Comprehensive consideration of multiple meteorological elements for the objective identification and division of seasonal changes is important in the field of climate monitoring and diagnostic analysis. The development of relevant identification and classification methods will help us better understand the new characteristics of seasonal transitions against the background of climate change. Based on reanalysis data from the National Centers for Environmental Prediction from 1950 to 2015, we used the multi-element atmospheric condition similarity method to seasonally divide the average climatological conditions at 850 hPa over the South China Sea, and analyzed the annual mean results of the onset of seasons and annual mean seasonal variations of meteorological elements in this region. The results show the following. First, the seasonal division results based on multi-element atmospheric condition similarity coincide with the seasonal variation times of each meteorological element with atmospheric conditions comprising five meteorological elements. When the four seasons change, the meteorological elements at 850 hPa in the South China Sea have obvious seasonal variation, and atmospheric circulation and surface upward long-wave radiation change conspicuously with seasonal transformation. This confirms the validity of the method as applied to seasonal divisions in the South China Sea. Second, when the climate system translates from winter to summer in the South China Sea, thermal elements change greatly and rapidly. Changes to thermal elements in spring provide climate conditions for the onset of summer and the onset of the summer monsoon in the South China Sea. Third, when the climate system shifts from summer to winter in the South China Sea, changes to wind elements are obvious and rapid. In autumn, changes in thermal conditions between the Eurasian continent and the Pacific Ocean lead to major changes in atmospheric circulation and wind. In addition, seasonal divisions are no longer just nodes of time.

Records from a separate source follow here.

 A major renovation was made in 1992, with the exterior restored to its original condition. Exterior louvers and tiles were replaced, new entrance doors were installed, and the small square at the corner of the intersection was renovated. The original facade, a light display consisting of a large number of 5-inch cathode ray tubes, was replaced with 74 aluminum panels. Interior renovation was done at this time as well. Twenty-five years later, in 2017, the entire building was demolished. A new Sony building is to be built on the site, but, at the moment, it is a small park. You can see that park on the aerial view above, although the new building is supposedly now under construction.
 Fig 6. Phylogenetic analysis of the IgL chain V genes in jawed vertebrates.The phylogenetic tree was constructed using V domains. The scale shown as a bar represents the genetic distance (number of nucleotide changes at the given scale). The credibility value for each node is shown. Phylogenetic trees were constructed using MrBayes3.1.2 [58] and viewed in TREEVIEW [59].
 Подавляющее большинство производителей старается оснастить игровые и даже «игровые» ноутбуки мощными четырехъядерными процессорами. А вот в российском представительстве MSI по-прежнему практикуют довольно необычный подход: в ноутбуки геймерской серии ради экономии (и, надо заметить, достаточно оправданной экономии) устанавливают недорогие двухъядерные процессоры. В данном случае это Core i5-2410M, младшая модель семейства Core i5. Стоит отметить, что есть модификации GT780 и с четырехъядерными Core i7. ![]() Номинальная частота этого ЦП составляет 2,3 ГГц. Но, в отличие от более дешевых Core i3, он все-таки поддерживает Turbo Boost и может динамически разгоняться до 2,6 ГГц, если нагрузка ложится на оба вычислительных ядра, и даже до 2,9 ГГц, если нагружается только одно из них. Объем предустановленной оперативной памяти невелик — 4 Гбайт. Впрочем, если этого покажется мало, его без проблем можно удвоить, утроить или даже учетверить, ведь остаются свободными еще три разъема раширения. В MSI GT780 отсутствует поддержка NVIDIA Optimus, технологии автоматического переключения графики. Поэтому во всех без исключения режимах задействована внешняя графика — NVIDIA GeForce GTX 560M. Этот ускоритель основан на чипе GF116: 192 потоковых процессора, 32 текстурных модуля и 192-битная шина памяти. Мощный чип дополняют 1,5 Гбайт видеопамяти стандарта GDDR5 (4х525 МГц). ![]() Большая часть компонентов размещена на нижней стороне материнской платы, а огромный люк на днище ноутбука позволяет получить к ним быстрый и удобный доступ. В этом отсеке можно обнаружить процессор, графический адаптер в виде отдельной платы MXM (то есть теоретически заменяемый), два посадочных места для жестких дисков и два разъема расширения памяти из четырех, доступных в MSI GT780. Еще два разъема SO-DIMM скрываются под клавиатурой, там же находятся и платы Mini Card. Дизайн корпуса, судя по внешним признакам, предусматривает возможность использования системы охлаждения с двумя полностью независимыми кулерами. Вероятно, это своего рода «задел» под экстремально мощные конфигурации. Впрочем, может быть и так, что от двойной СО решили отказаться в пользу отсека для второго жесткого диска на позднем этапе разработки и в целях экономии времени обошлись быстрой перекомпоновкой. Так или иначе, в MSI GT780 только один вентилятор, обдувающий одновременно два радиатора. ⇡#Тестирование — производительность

Rather, they can be used as important indicators for further studies of atmospheric circulation changes, short-term climate predictions, and seasonal changes of other climate systems.

Keywords

Multi-element atmospheric condition similarity Season division Atmospheric conditions South China Sea 

Notes

Acknowledgments

We would like to thank the National Centers for Environmental Prediction at the National Oceanic and Atmospheric Administration for providing the climate database used in this study, and thank International Science Editing (http://www.internationalscienceediting.com) for editing this manuscript.

Funding information

This work was supported by the National Natural Science Foundation of China (Grant Nos. 41530531, 41575074, and 41575082) and the National Key Research and Development Program of China (2017YFC1502306).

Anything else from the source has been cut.